# Seeking Comment, Analysis, or Appreciation of Haydn Sym #26 Lamentation



## Neward Thelman (Apr 6, 2017)

Also, any recordings you happen to favor, especially without a distracting continuo.

So far, my choice of recordings is the ultra-budget Alberto Lizzio recording on Pilz. No continuo, wonderful ensemble, along with thoughtful, committed performance. My only complaint is that the first movement tempi are just too fast [but preferable to Dorati's, which are a touch too slow].

My notes:

I'm annoyed at many professional commentators who observe that the D minor has only 3 movements, ending with the minuet, implying or stating out right that Haydn actually intended to end it as it stands today.

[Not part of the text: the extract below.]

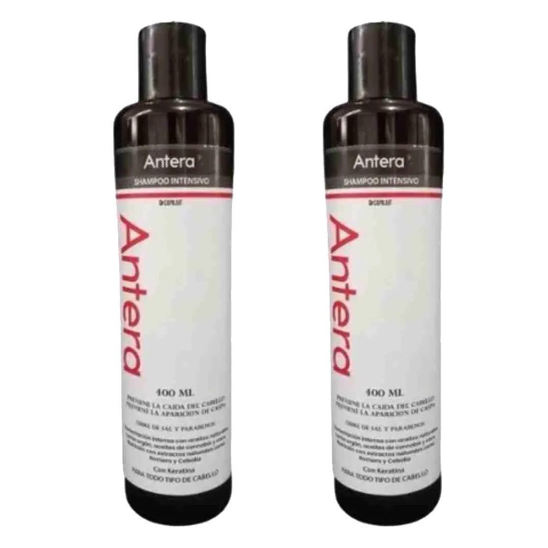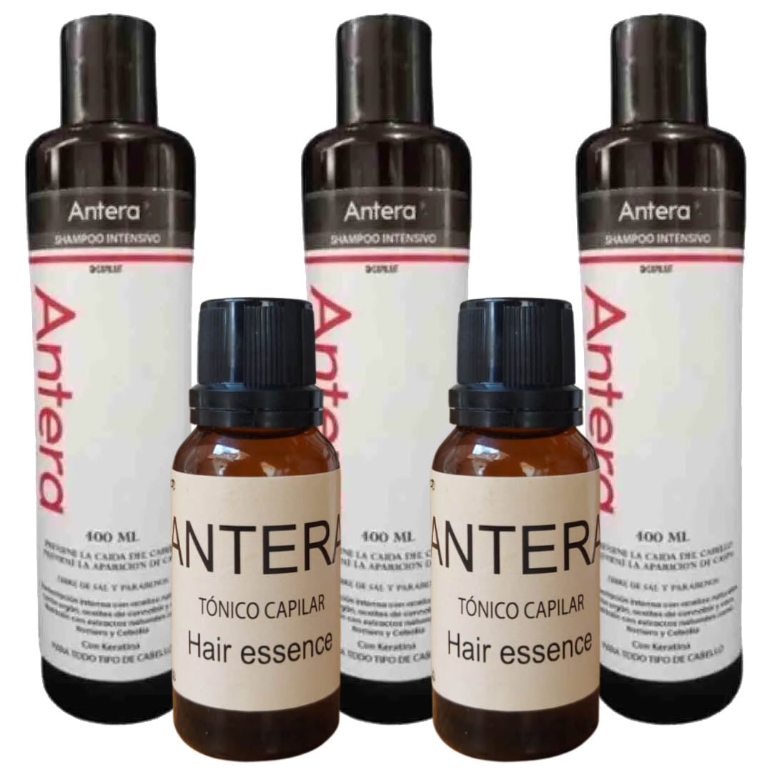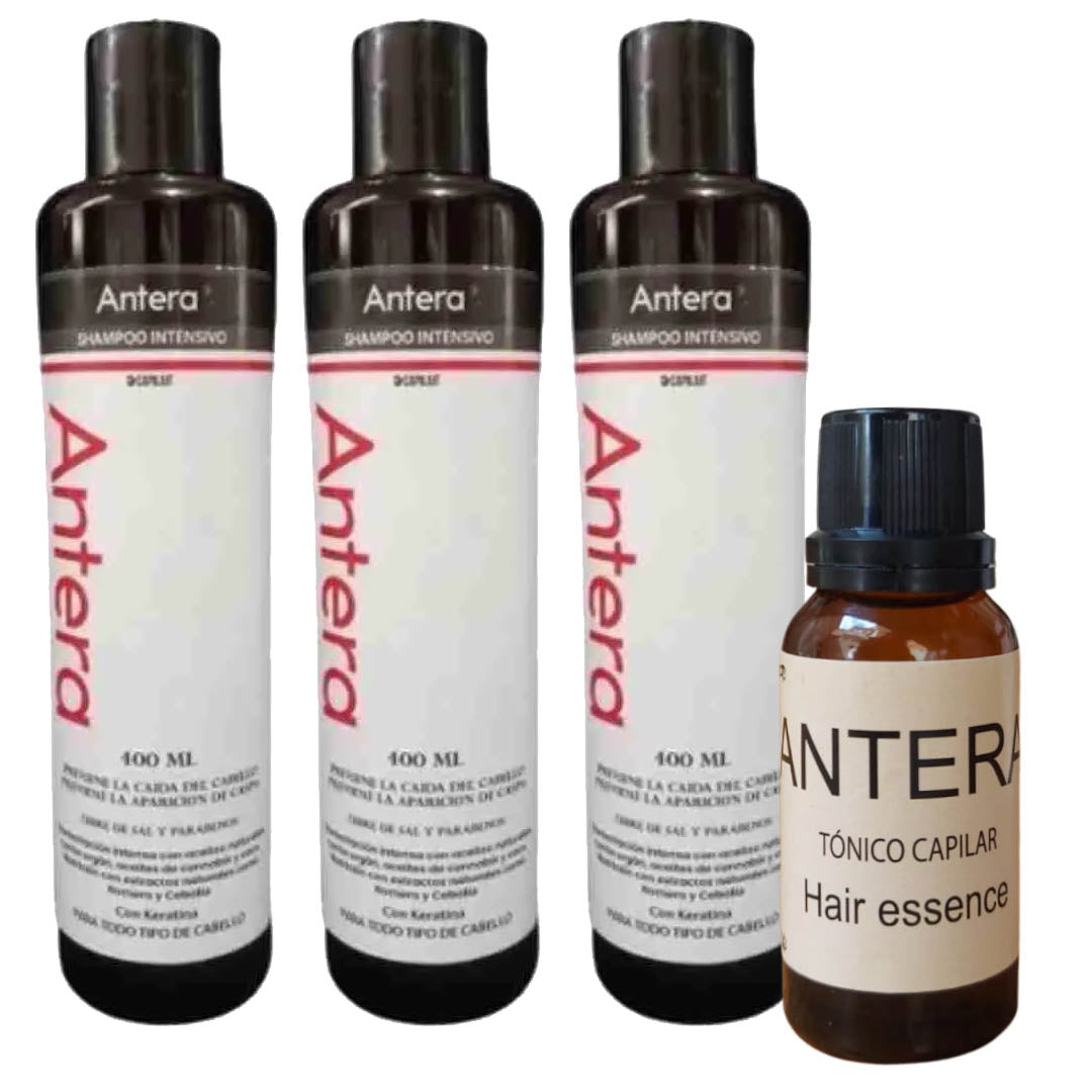 El champú ANTERA ofrece un equilibrio para el cabello previniendo su caída y la aparición de caspa humectando con el uso de aceites y extractos naturales que brindan ácidos grasos naturalmente brinda suavidad acondicionamiento y resplandor al cabello además aporta aminoácidos y vitaminas que no tiene, fortalecer el folículo capilar.

There's just no possibility that Haydn would've ended a symphony with a minuet movement. Had he intended a compose a 3 movement form, no doubt that he would've ended with a final movement type, as was customary during the classical period. Typically, that'd have been a rondo, rondo-sonata or sonata, or even a large fugal piece.

Adding to the evidence is the fact that the original manuscript has been lost. The piece exists only in a later copy. As any child may see, obviously, with the original lost, the finale also gone.

I haven't seen H.C. Robbins Landon's extended analysis of the piece; only the condensed paragraph found in the Dorati CD box, in which he, too, seems to take the side of the know-nothing, minuet ending advocates.


----------



## Larkenfield (Jun 5, 2017)

Here's some considerations if I were doing research:

The fine Alberto Lizzio performance can be found online and I enjoyed it very much. It was my first hearing and I listened from the standpoint of its sense of finality if it ended with the Minuette. I found the Minuette rather unsubstantial as an ending and could easily imagine a 4th movement.

The problem is that it's impossible to prove a 4th mov. when Haydn's original manuscript has been lost; one can only_ speculate_ without proof. Plus, his previous Symphony No. 25 has 3 movs and his next Symphony No. 27 has 3 movs. So there are examples where he wrote a 3 mov. symphony during his early _Sturm und Drang_ period. Without a 4th mov. in No. 26, the symphony appears to be about the same length as his previous and following symphonies. These might be some of the considerations the musicologists are weighing on behalf of an intended by design, completed 3 mov. symphony.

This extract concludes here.